THE TASK: What you return should be every line below, word for word, and none of the images.

Items from a data source:
━━━━━━━━━━━━━━━━
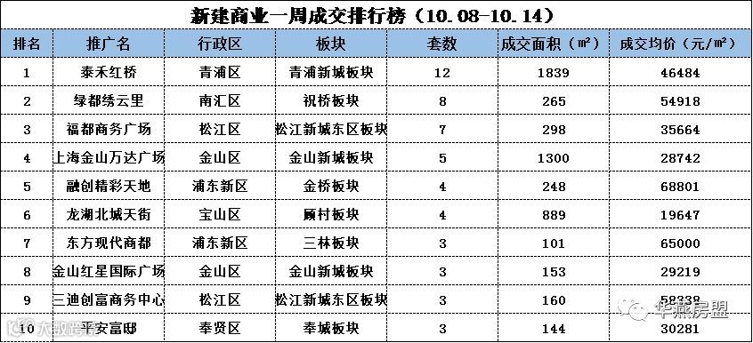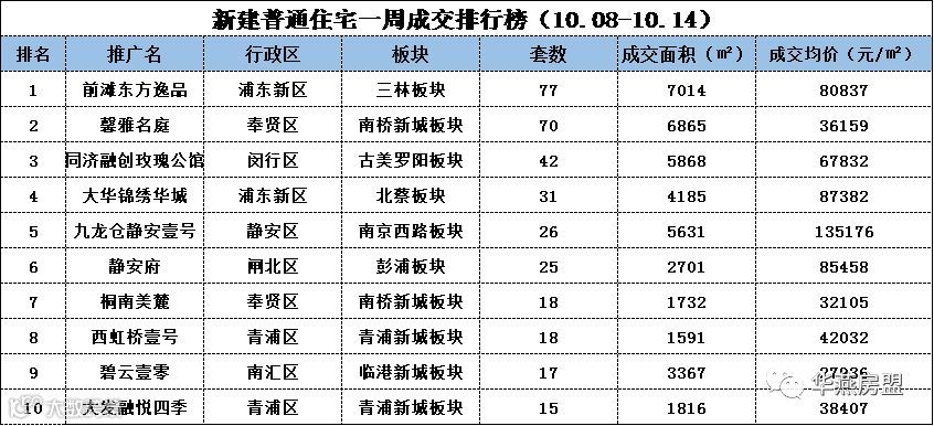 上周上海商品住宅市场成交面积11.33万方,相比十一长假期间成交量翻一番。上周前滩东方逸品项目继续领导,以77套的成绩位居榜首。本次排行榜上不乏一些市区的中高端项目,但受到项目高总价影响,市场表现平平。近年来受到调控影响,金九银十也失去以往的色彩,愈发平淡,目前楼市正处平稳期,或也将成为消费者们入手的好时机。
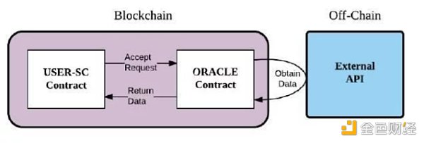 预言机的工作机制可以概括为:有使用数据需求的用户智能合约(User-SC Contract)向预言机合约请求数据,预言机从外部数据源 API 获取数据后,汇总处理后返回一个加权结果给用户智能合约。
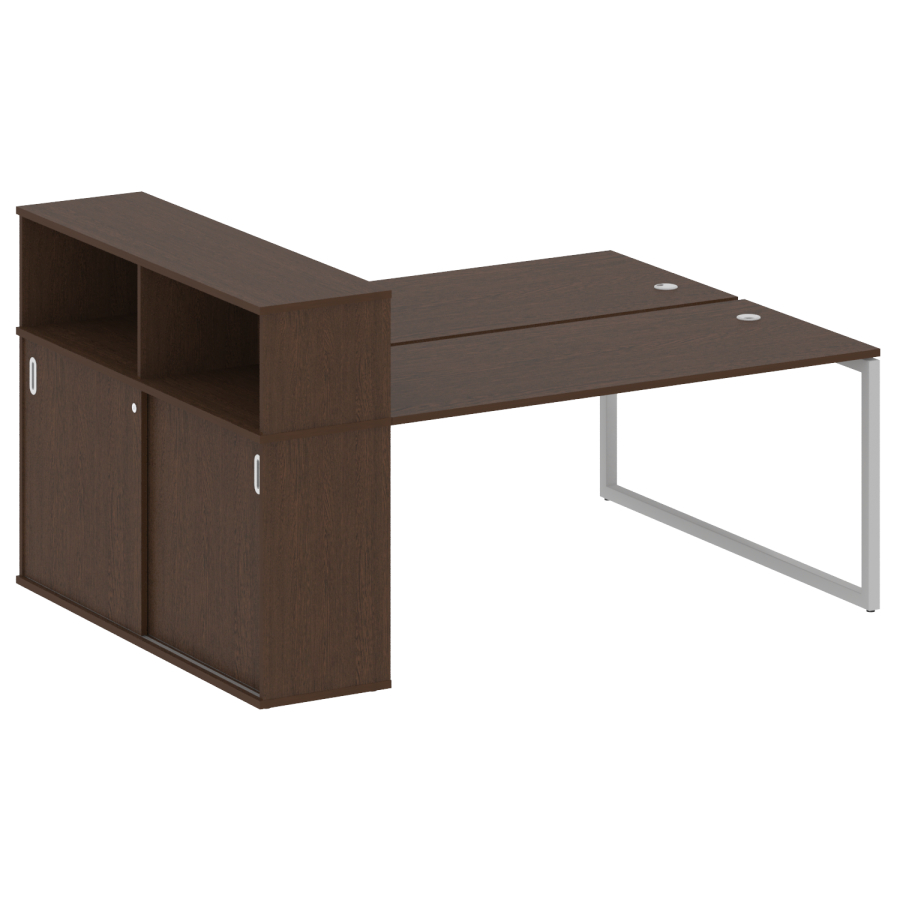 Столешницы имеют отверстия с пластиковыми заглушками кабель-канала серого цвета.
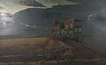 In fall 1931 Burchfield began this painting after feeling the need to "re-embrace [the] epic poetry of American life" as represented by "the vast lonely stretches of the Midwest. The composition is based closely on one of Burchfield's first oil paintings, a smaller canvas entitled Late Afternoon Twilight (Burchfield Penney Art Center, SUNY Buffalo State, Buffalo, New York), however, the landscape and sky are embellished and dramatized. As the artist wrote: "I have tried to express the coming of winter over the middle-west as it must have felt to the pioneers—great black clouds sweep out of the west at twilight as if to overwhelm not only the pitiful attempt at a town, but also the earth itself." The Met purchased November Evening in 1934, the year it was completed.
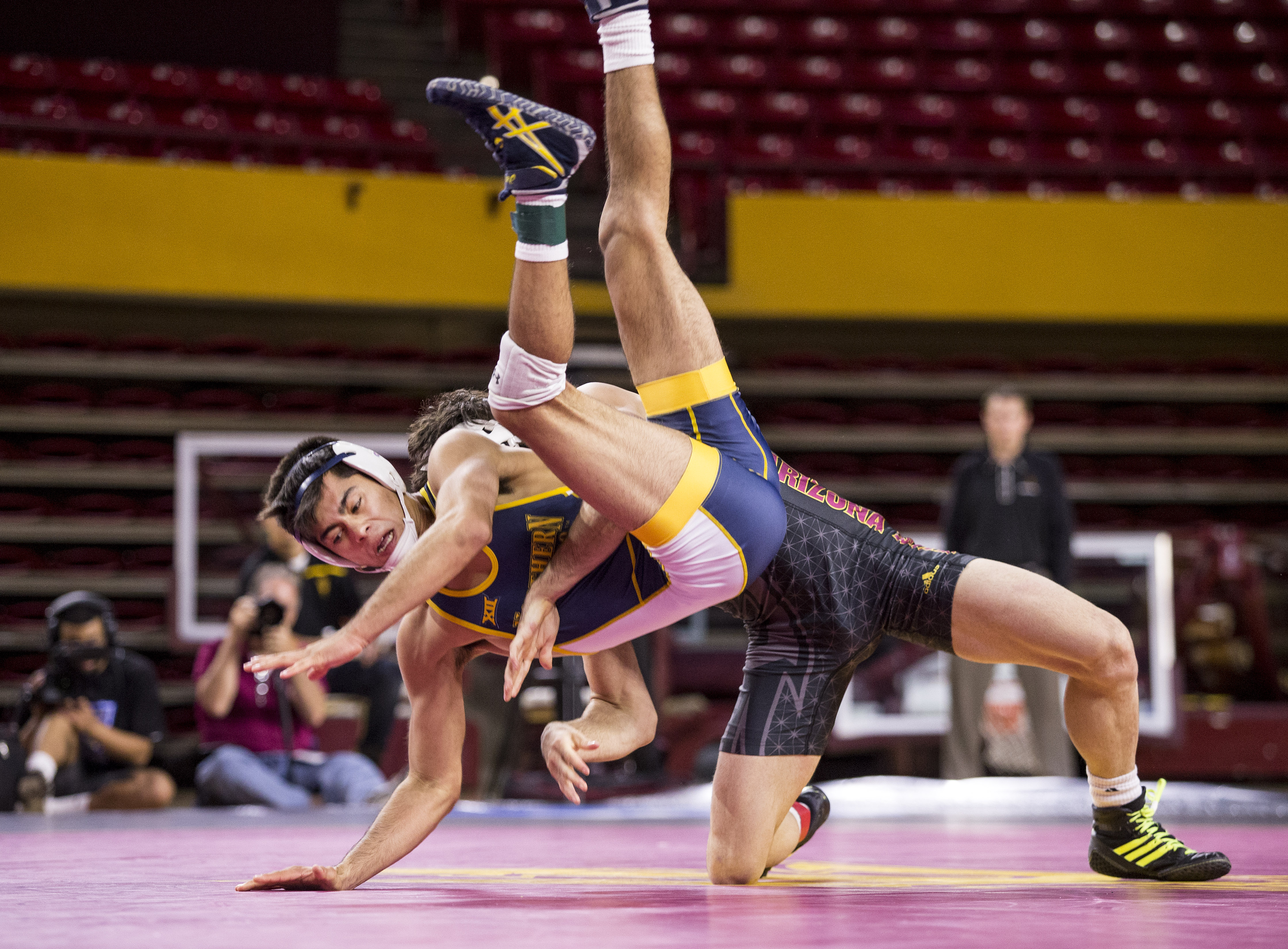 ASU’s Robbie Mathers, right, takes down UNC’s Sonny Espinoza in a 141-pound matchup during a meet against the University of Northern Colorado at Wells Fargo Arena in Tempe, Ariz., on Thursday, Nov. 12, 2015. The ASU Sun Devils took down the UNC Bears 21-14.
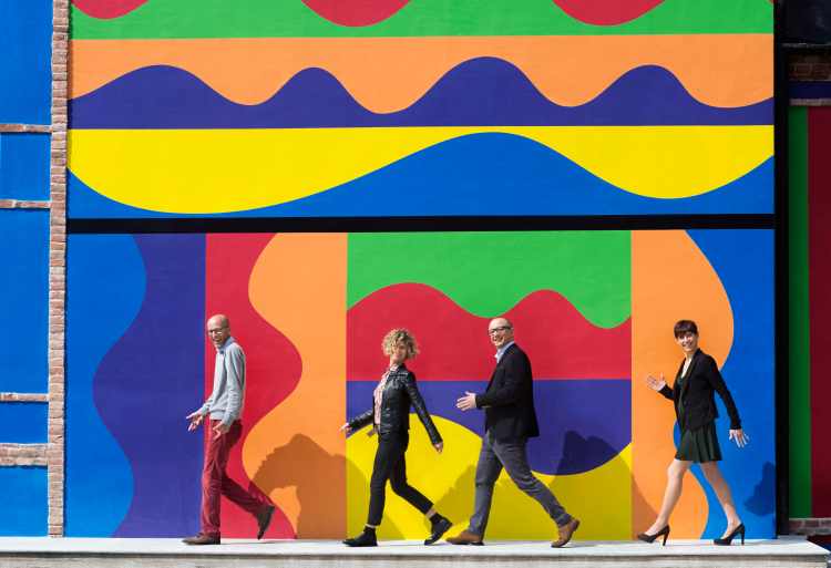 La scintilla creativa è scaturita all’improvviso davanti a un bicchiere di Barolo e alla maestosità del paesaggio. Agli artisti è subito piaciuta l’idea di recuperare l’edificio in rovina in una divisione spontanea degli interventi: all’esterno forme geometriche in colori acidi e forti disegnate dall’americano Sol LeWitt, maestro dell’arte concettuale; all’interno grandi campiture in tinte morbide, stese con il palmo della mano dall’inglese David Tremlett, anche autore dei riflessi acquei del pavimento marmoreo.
━━━━━━━━━━━━━━━━
FINAL ANSWER:
 上周上海商品住宅市场成交面积11.33万方,相比十一长假期间成交量翻一番。上周前滩东方逸品项目继续领导,以77套的成绩位居榜首。本次排行榜上不乏一些市区的中高端项目,但受到项目高总价影响,市场表现平平。近年来受到调控影响,金九银十也失去以往的色彩,愈发平淡,目前楼市正处平稳期,或也将成为消费者们入手的好时机。
 预言机的工作机制可以概括为:有使用数据需求的用户智能合约(User-SC Contract)向预言机合约请求数据,预言机从外部数据源 API 获取数据后,汇总处理后返回一个加权结果给用户智能合约。
 Столешницы имеют отверстия с пластиковыми заглушками кабель-канала серого цвета.
 In fall 1931 Burchfield began this painting after feeling the need to "re-embrace [the] epic poetry of American life" as represented by "the vast lonely stretches of the Midwest. The composition is based closely on one of Burchfield's first oil paintings, a smaller canvas entitled Late Afternoon Twilight (Burchfield Penney Art Center, SUNY Buffalo State, Buffalo, New York), however, the landscape and sky are embellished and dramatized. As the artist wrote: "I have tried to express the coming of winter over the middle-west as it must have felt to the pioneers—great black clouds sweep out of the west at twilight as if to overwhelm not only the pitiful attempt at a town, but also the earth itself." The Met purchased November Evening in 1934, the year it was completed.
 ASU’s Robbie Mathers, right, takes down UNC’s Sonny Espinoza in a 141-pound matchup during a meet against the University of Northern Colorado at Wells Fargo Arena in Tempe, Ariz., on Thursday, Nov. 12, 2015. The ASU Sun Devils took down the UNC Bears 21-14.
 La scintilla creativa è scaturita all’improvviso davanti a un bicchiere di Barolo e alla maestosità del paesaggio. Agli artisti è subito piaciuta l’idea di recuperare l’edificio in rovina in una divisione spontanea degli interventi: all’esterno forme geometriche in colori acidi e forti disegnate dall’americano Sol LeWitt, maestro dell’arte concettuale; all’interno grandi campiture in tinte morbide, stese con il palmo della mano dall’inglese David Tremlett, anche autore dei riflessi acquei del pavimento marmoreo.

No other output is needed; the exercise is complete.